“Abortion Kills Children” their signs say. They are the indefatigable pro-lifers (or “anti-choicers”) who “peacefully” protest the barbaric practice of elective abortion in communities across America. Here in Rockford, they line up outside the Ft. Turner building (fittingly, an abandoned public school), carrying signs and sometimes more. While Dr. Richard Ragsdale celebrates the modern sacrament of death inside, on the outside a peculiar activity occurs. A grown man holds a baby doll in his hands and proceeds to stab it before women entering the clinic as well as before passersby (and their children). The doll gushes red “blood,” as the meatbaster, filled with dyed liquid and concealed in the toy, is employed by the protester.
A colorful continuum of anti-abortionists has emerged from the Christian right. On one end are the dear ladies of the church auxiliary who hold signs at the annual “life chain” and volunteer as counselors at the crisis pregnancy center. On the other end are those who find abortionists in their crosshairs and squeeze the trigger, believing that they are—in the spirit of Dietrich Bonhoeffer—stopping the hands of an assassin. Between the two are those whose civil disobedience stops short of murder and assault, but extends to trespassing, resisting arrest, and disturbing the peace. They are fond of holding up graphic and hideous posters of mutilated babies who have been salined or suctioned to death. Tiny, mangled, two-dimensional limbs and torsos are thrust into the faces of young women in an effort to dissuade them from entering the clinic. And, by the way, the clergyman’s sign reminds, “Jesus heals and forgives.”
Today’s thought police would have us believe that anti-abortion rhetoric is the equivalent of an act of violence against women. But the acrimony and hostility of “pro-choicers” do not absolve the Christian right of committing public acts of indecency. What justifies the display of children, made in the image of God but defiled by man, on the posters and pamphlets of pro-lifers? Is this pornography somehow justifiable because it serves a higher purpose? Does the end of stopping the killing of children justify the means of civil disobedience?
It does not, for the purpose is not higher, nor are the means acceptable, particularly in light of the unbiblical and historically false notions upon which they are based.
When pagans go to slaughter their own children, individual Christians are not commanded to intervene, either by force or peaceably, if “peaceably” means breaking the law. Stopping the hands of a murderer is in the power of the executive branch and is based on the law (which currently permits, and often funds, abortion on demand). Self-defense is also permitted, but that only covers oneself (which includes one’s wife and children).
The pro-life movement perpetuates the myth of the “great Christian America” to which we must return. “God is going to judge us if we do not end abortion in America.” By the time of this nation’s founding. Western civilization was entering its post-Christian era. The Puritans’ false identification of their “city on a hill” as the modern-day Israel was quickly secularized by enlightened deists whose Manifest Destiny was not uniquely Christian. Perhaps God is judging us by allowing abortion.
“If only we could pass a ban on abortion through Congress,” pro-lifers often lament. This emphasis on political action permeates the pro-life movement and carries the same sentiment formerly attached to civil-rights legislation. Prohibition, and gun laws. But an amendment to the Constitution does not compare with an empowered local government and morally just citizens who could refuse to let abortuary employees shop in their stores, dine in their restaurants, buy homes, and license their “clinics” (or live, for that matter, if local governments and laws were established to be Christian).
By majority, America is pro-choice.

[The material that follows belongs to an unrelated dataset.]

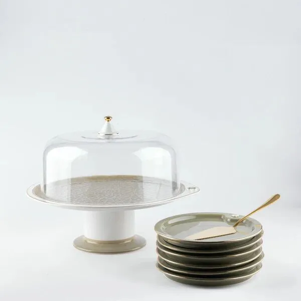 يتضمن الطقم 1 حامل كيك 1 غطاء 1 سكينة 6 صحون فقط

This fact should drive every Christian who recognizes the evil of murdering children to fight for local rights—or secession. Instead, Christians turn to the same “big government” they claim to loathe (when it disappoints them) and to shocking, immoral images and propaganda, designed not to convert unbelievers or placard natural law, but to invoke the “feel, don’t think” mentality of post-Christian pop culture. Gutting a baby doll in public is not a proclamation of the Gospel; it will not convert pagans on their way to murder their children; and it should not be tolerated by Christians, who should heed the prophet Nathan’s rebuke to David: “You have given the Lord’s enemies cause to blaspheme.”